DATA TO PROCESS:
# # # #

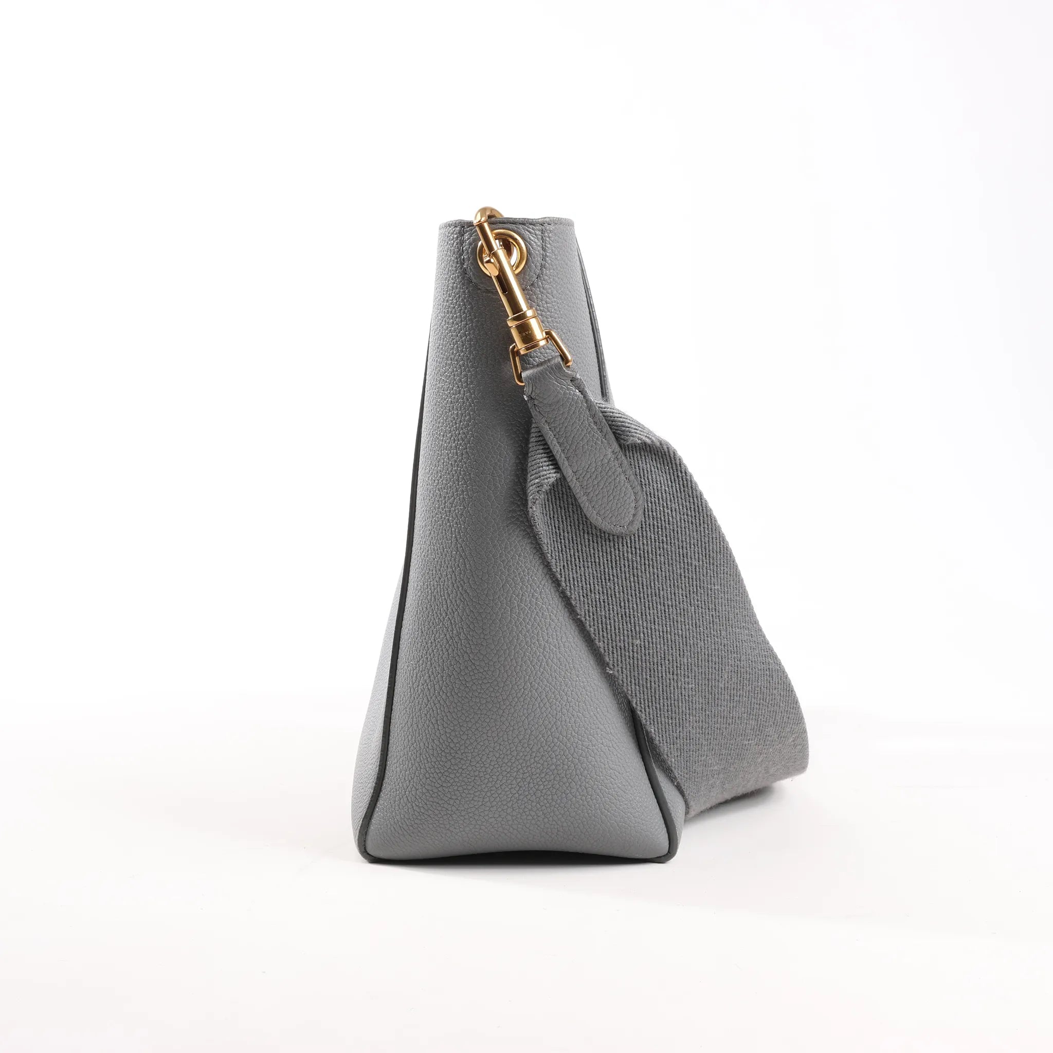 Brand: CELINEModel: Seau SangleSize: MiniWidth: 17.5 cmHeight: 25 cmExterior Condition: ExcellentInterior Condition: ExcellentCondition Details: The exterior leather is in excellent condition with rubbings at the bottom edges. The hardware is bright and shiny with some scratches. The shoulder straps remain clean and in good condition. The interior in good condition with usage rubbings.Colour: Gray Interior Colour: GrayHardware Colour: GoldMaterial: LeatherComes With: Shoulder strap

# # # #

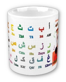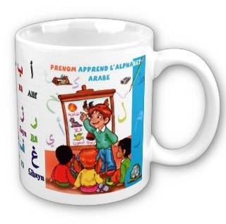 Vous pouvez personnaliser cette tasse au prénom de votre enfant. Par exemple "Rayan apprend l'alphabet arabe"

# # # #

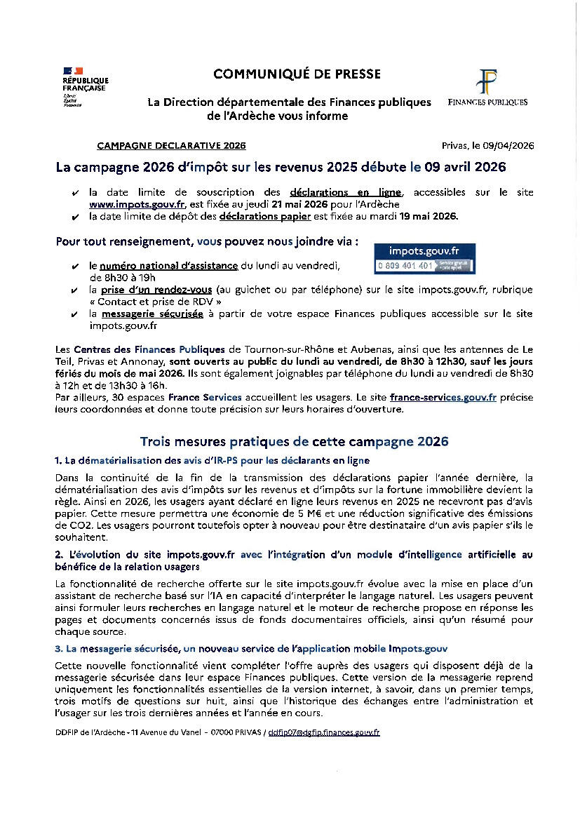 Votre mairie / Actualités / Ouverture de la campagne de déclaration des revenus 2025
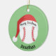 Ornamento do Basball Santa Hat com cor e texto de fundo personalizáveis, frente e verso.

# # # #

ASSIGNMENT: In the data above, the stretch from the line with "Votre mairie /" through the line with "Ornamento do Basball" is to be returned exactly, minus any pictures.

OUTPUT FOR THIS TASK:
 Votre mairie / Actualités / Ouverture de la campagne de déclaration des revenus 2025
 Ornamento do Basball Santa Hat com cor e texto de fundo personalizáveis, frente e verso.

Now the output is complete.